Friday, September 25, 2020

Nein, Streaming ist nicht das neue Fliegen

Streaming ist das moderne Fernsehen und wird als solches intensiv genutzt – vor allem im Zeitalter des Coronavirus. Allerdings leben wir auch im Zeitalter der Klimaerwärmung, und deshalb wurde Streaming von vielen Klimaschützern schon früh als „schlecht fürs Klima“ eingestuft. Netflix-Fans dürfen sich aber beruhigen: Das Klima wird nicht am Streaming zugrunde gehen.

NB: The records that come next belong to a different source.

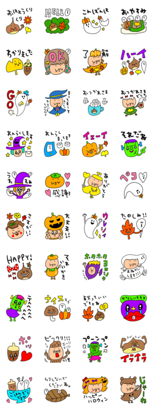 秋とハロウィンのスタンプ。riekim より発売
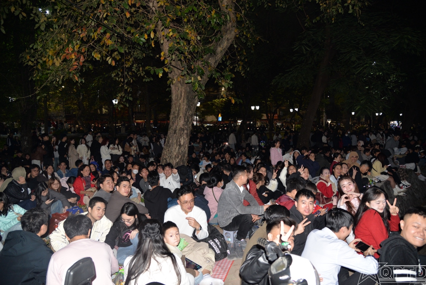 Người dân náo nức đợi màn trình diễn pháo hoa tại Công viên Thống Nhất.
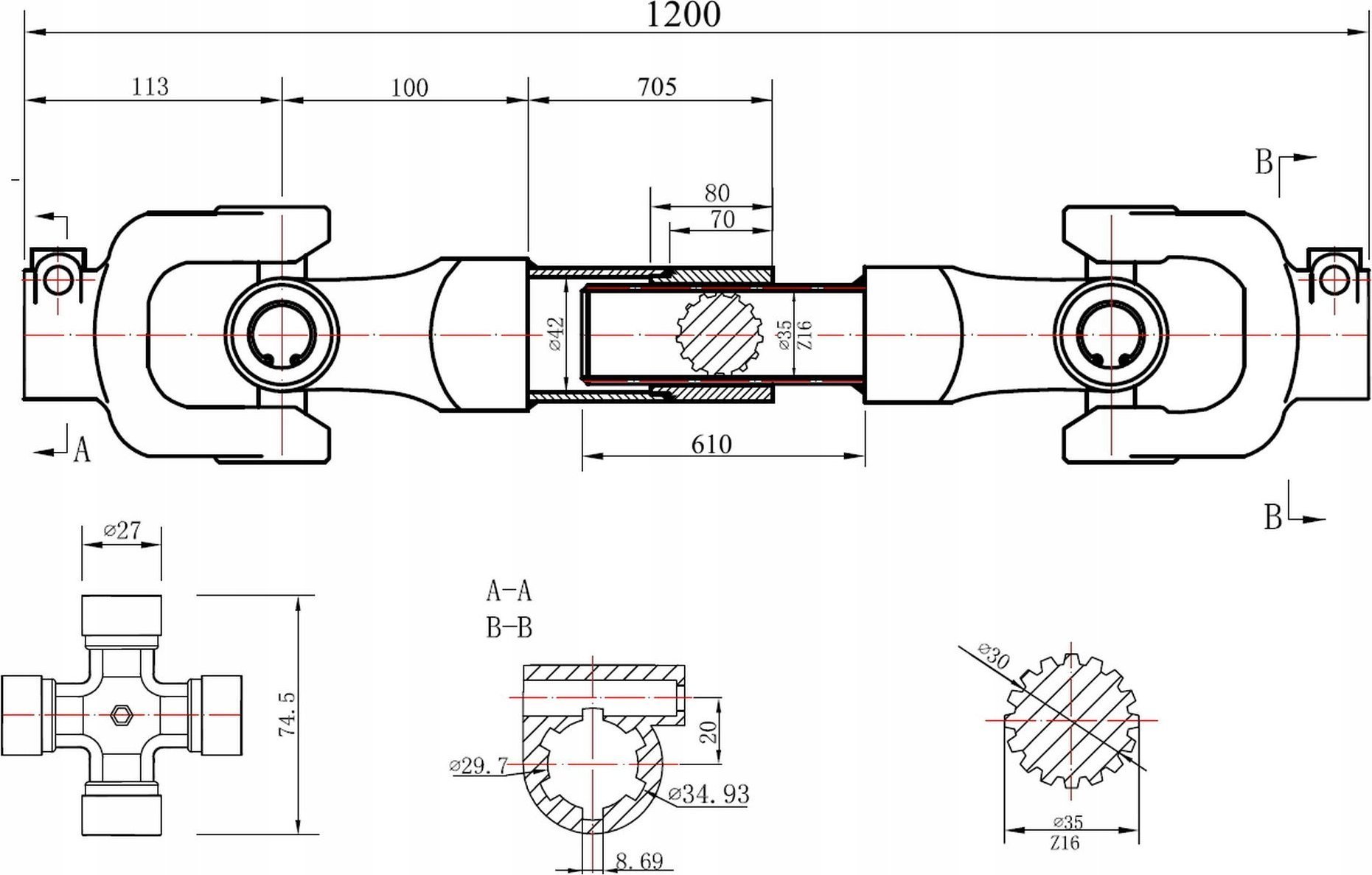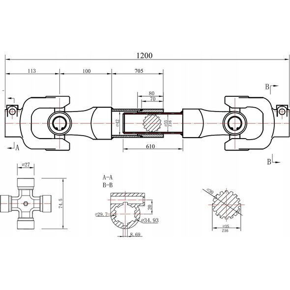 Άξονας πομπού ισχύος 100 cm τύπος Κόφτης Τεχνικές προδιαγραφές: Τύπος: φρεζάρισμα Μήκος μη εκτεταμένου άξονα: 1000 mm Μήκος εκτεταμένου άξονα (με αλυσίδα): 1120 mm Μέγιστη ροπή: 600 Nm Γενικές αρθρώσεις: 27 x 74,5 mm 30 για μηχανές με ισχύ - 47 HP

Streaming-Fans haben eine riesige Auswahl. Screengrab whatsnewonnetflix

Als die Studie erschien, wurden die Ergebnisse weltweit verbreitet: Die Emissionen, die beim Ansehen von 30 Minuten Netflix entstünden, nämlich 1,6 Kilogramm CO2, seien gleich gross, wie wenn man sechs Kilometer Auto fahre. Die Zahlen stammen aus einem Bericht des Shift-Projekts, einem französischen Thinktank, über die "nicht nachhaltige und wachsende Wirkung" von Online-Videos. Dem Bericht zufolge war Streaming im Jahr 2018 für mehr als 300 Millionen Tonnen CO2 verantwortlich, was dem gesamten Co2-Ausstoss Frankreichs entspricht. Und wie das im Internetzeitalter üblich und normal ist, beeinflusst der Bericht des Shift-Projekts weiterhin die Medienberichterstattung.  

Aber gerade im Internetzeitalter wird nichts so heiss gegessen wie es gekocht worden ist. In der Zwischenzeit sind einige Berechnungen veröffentlicht worden, die den Shift-Bericht zur Makulatur werden lassen. Der neuste kommt von einer Studie des deutschen Umweltbundesamtes – einer durchaus klimaschutzfreundlichen Agentur. Unter dem Titel: “Ist Streaming das neue Fliegen?“ berichtet der Stern über „die alarmistischen Schätzungen vom letzten Jahr“ und die Schlussfolgerungen der beamteten Umweltschützer. Die weltweit publizierten Resultate des Shift-Berichts seien nicht haltbar:

“Selbst in der emissionsreichsten Variante, dem Streaming über den veralteten UMTS-Standard, kamen die Forscher zusammengerechnet nur auf 90 Gramm Emissionen für eine ganze Stunde. Trotzdem lag die Schätzung [im Shift-Bericht] um Faktor 35 über dem höchsten Durchschnittswert. Bei anderen Übertragungsarten lag die Emission noch deutlich niedriger. Streamt man über den neuen Mobilfunkstandard 5G sinken die Emissionen auf 5 Gramm. Am niedrigsten liegt der Wert, wenn die Daten per Wlan aufs Gerät kommen. Wird das Heimnetzwerk über klassische Telefon-Kupferleitungen mit Daten beliefert, kommen dann noch 4 Gramm zusammen. Bei einer modernen Glasfaserleitung ist der Wert am niedrigsten: Gerade mal 2 Gramm Emissionen werden dann pro Stunde verursacht. Zum Vergleich: Drei Minuten warmes Duschen verursachen fast 3000 Gramm CO2.“

Wem die Studie der deutschen Umweltbeamtennicht genügt, der kann sich auf der Klima-Informationswebsite carbonbrief.com im Detail informieren. Carbon Brief ist eine in Grossbritannien ansässige Website, die über die neuesten Entwicklungen in der Klimawissenschaft, Klimapolitik und Energiepolitik informiert.

Es heisst, dass das Internet nichts vergisst. Das gilt leider und vor allem auch für Falschinformationen. Man darf davon ausgehen, dass die Legende vom Streaming, das so schlimm fürs Klima ist, wie Autofahren, in den nächsten Jahren immer wieder auftauchen wird – genau dann nämlich, wenn sie ins Schema passt.